Oh, English saddle tip: I take a western leather curb strap and loop it through the front dees on my AP saddle to make an "emergency handle," lol. Just having it there is a real confidence booster, and it's really discreet, I even show with it. :wink: There are real grab straps out there, I just had the curb strap hanging around and used it.

That's a rough situation, between your back and your mare needing the work you can't give her yet. Best of luck to both of you


----------



## myhorsesonador (Jun 21, 2009)

Thank you Scoutrider. I havent changed her tack. SHE DOES DO THE DEMONIC TROT!!!! How do I fix that with a lunge line? I've been looking into one of these......Pessoa Training System - Dover Saddlery. thats not the one I was looking at but its basicly the same thing. Do you think that could help any? I've been riding her for 2 years and only been cantering for 1. she was totaly fine doing great even my trainer said she did very well for her age.


----------



## Scoutrider (Jun 4, 2009)

I would go back to establishing free, forward movement on the lungeline. I'm not sure what tack you use (surcingle, side reins, etc), but I just use a rope halter and 15 foot line. I have a cue stick for reinforcing my hand cues. While it's important to have contact, correctness of frame and carriage, etc. on the horse, at this point (without having seen the horse in action :wink she needs to almost establish a canter uninhibited before any additional tools are added, IMHO. I think of it as, if she can't carry just herself as she's naturally comfortable at the canter, she can't do it correctly with leather hanging all over her. You need a "raw, unpasturized" gait before it can be refined. Again, my humblest of opinions, I know it will probably be criticized. When she canters calmly without bucking, accepting the gait itself, comes the refinement. I'm not familiar with the training system, but all that it does can be done with a little more time by a rider. However, in your situation, unable to ride often, it may be an option to keep your horse progressing. Unless she's cantering calmly and willingly, that contraption is a recipe for disaster if she starts bucking.

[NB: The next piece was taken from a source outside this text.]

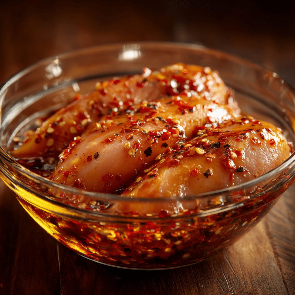 - Start by marinating the chicken breasts: In a bowl, combine 1 tablespoon of soy sauce, 1 teaspoon sesame oil, 1/2 tablespoon chili paste, and a pinch of salt and pepper. Add the chicken breasts and toss to coat. Set aside for at least 20 minutes.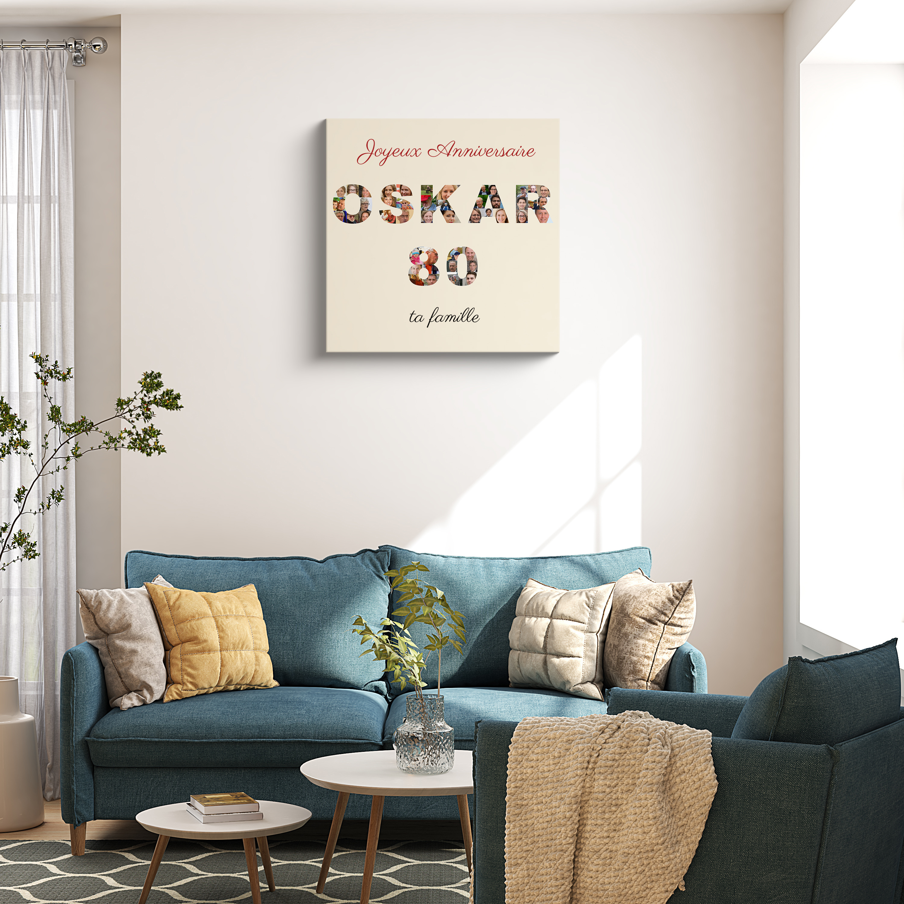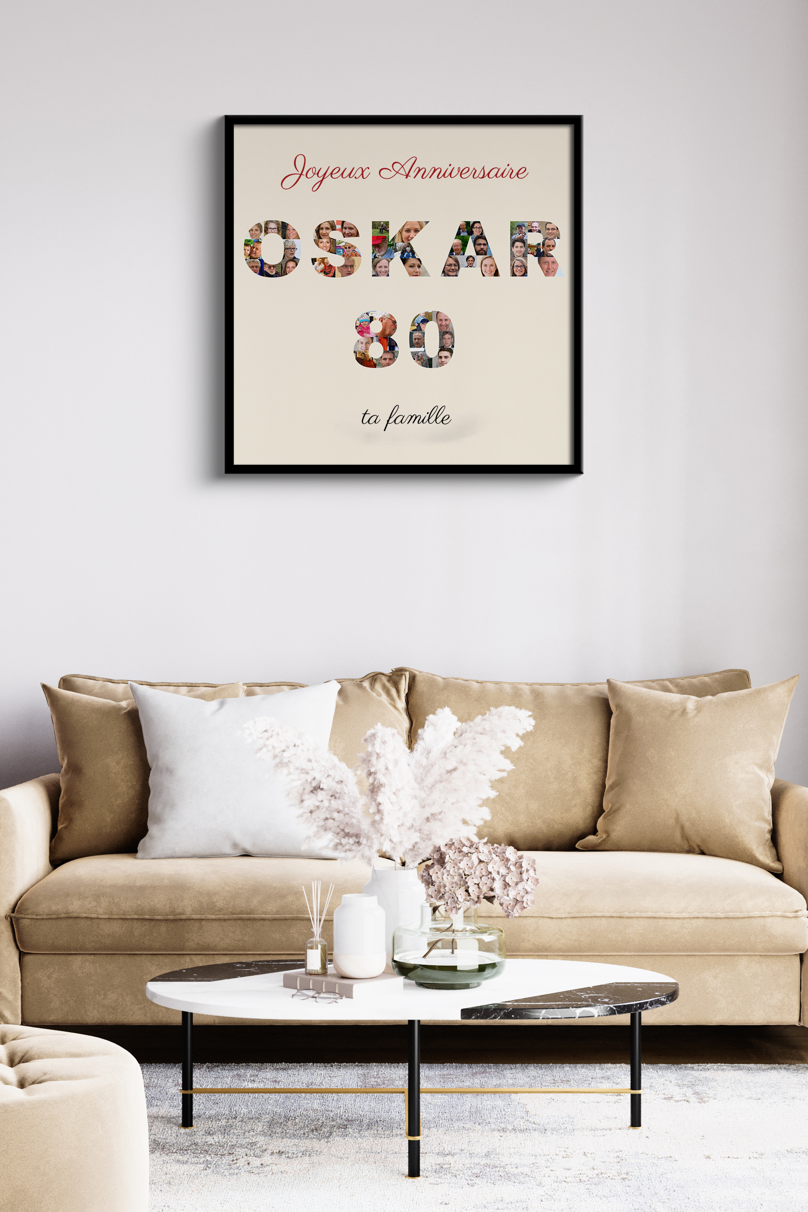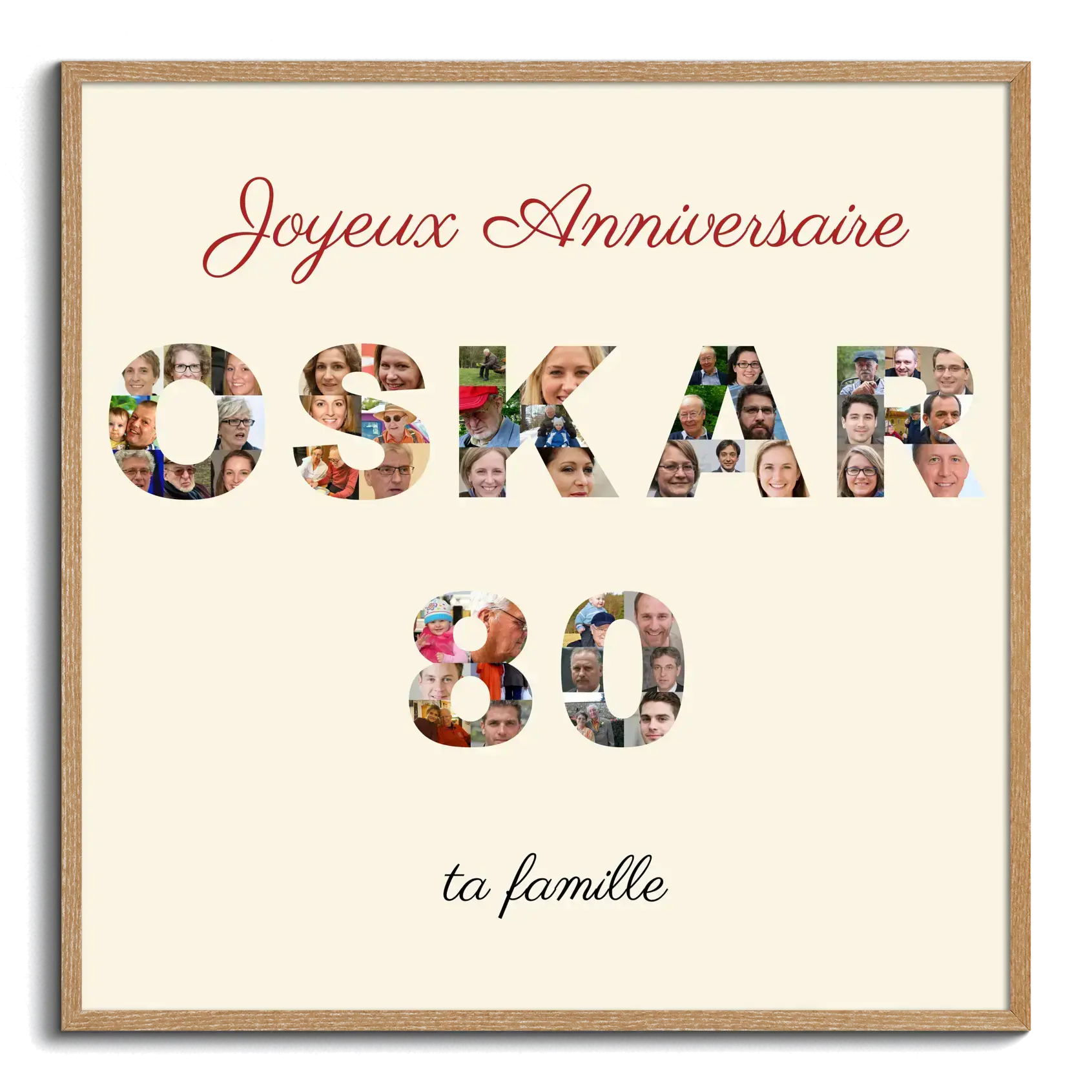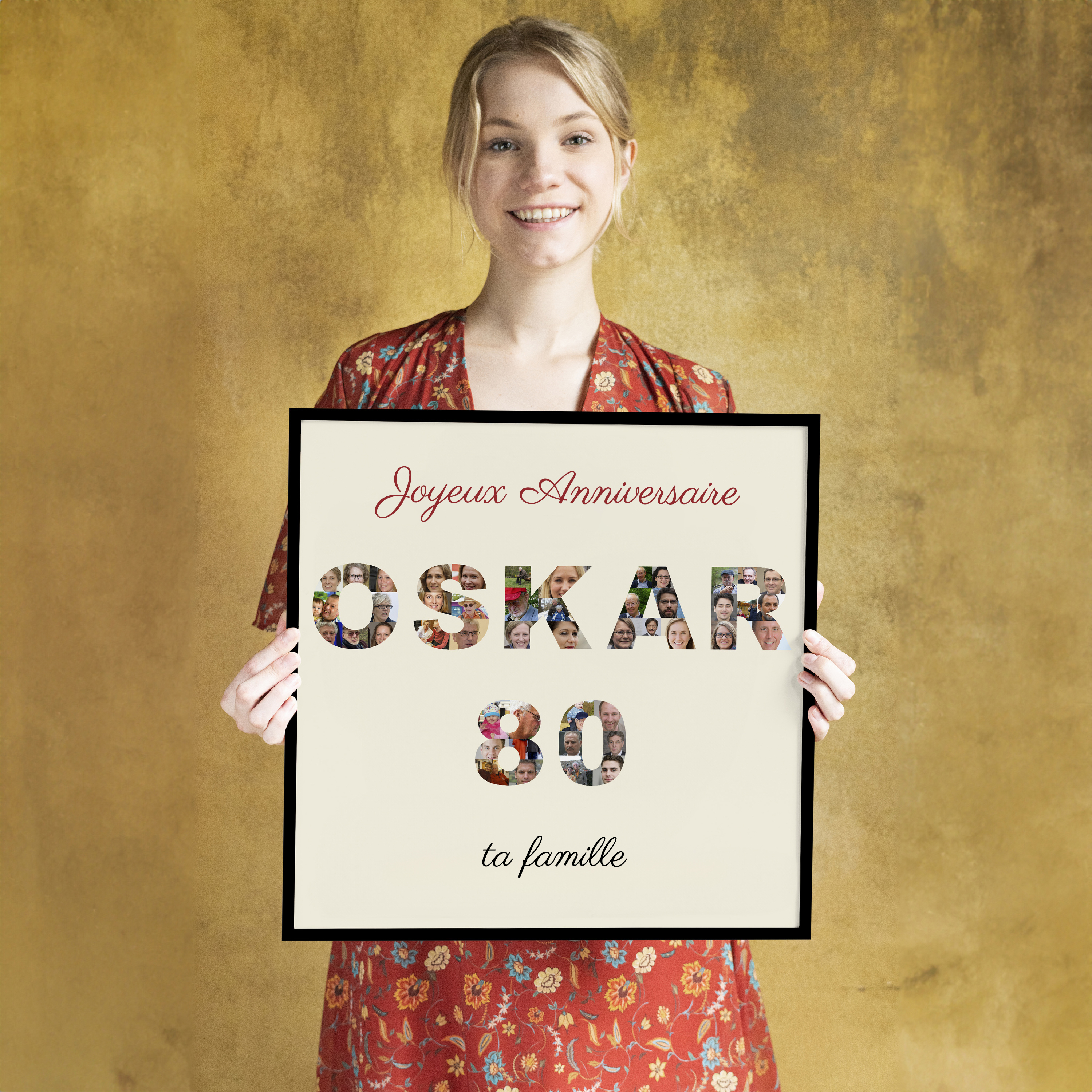 Créez un cadeau unique avec une collab de photos formant un nom et âge personnalisés.

Stand just behind her driveline (about the girthline, a little ahead is better) to make sure that all pressure is directed to move her forward. Pressure, even your presence, ahead of the driveline will ALWAYS cause the horse to stop or turn, whick you don't want. Hold the line in the hand closest to the horse's head, and the cue stick (a whip can work in a pinch) held in the other hand, neutral. Send your horse out onto the circle by pointing up and forward with your line hand. If she doesn't respond, raise the stick and slowly swing it, suggesting that she move. If she still doesn't, tap her on the rump. Keep tapping until she walks. Get her well warmed up in both directions, then ask for a canter. Same cue as for the walk (raise lead hand, point ahead, encourage with the stick). I add a smooching noise to help my horse differentiate between a canter and a faster trot. At first, just get a canter, to be sure that she understands what you want. Don't worry about the demon trot. Usually, a faster response comes naturally, but if it doesn't, every time she just demon trots, slow her down (relax your body, a verbal "easy, easy") in the gait you are starting from, then ask again. Lots of transitions on the lunge. All you're doing is getting her feet unstuck, getting her willing to move forward off of a mild cue with a "Jump? How High?" attitude. It's probably best to establish this at the walk and trot first, to make it easier for her to understand at the faster speed.

That got really long, sorry, but I hope it makes sense and helps you out a bit. Good luck!


----------



## myhorsesonador (Jun 21, 2009)

oh I lunge her all the time. What I ment was is there any thing other than w/t/c that I should be doing. Sorry I should have specified. She never bucks on a lunge line but she is realy hesatent( I cant spell) to move forward.


----------



## lovemyponies (Jul 26, 2008)

I have found that horses that consistently buck when asked to canter do have something physical wrong. you may need a specialist rather than just a vet to find the issue. Just a suggestion, or it could just be her age and needing more training, but still wonder if it isn't a pain issue


----------



## Scoutrider (Jun 4, 2009)

myhorsesonador said:


> oh I lunge her all the time. What I ment was is there any thing other than w/t/c that I should be doing. Sorry I should have specified. She never bucks on a lunge line but she is realy hesatent( I cant spell) to move forward.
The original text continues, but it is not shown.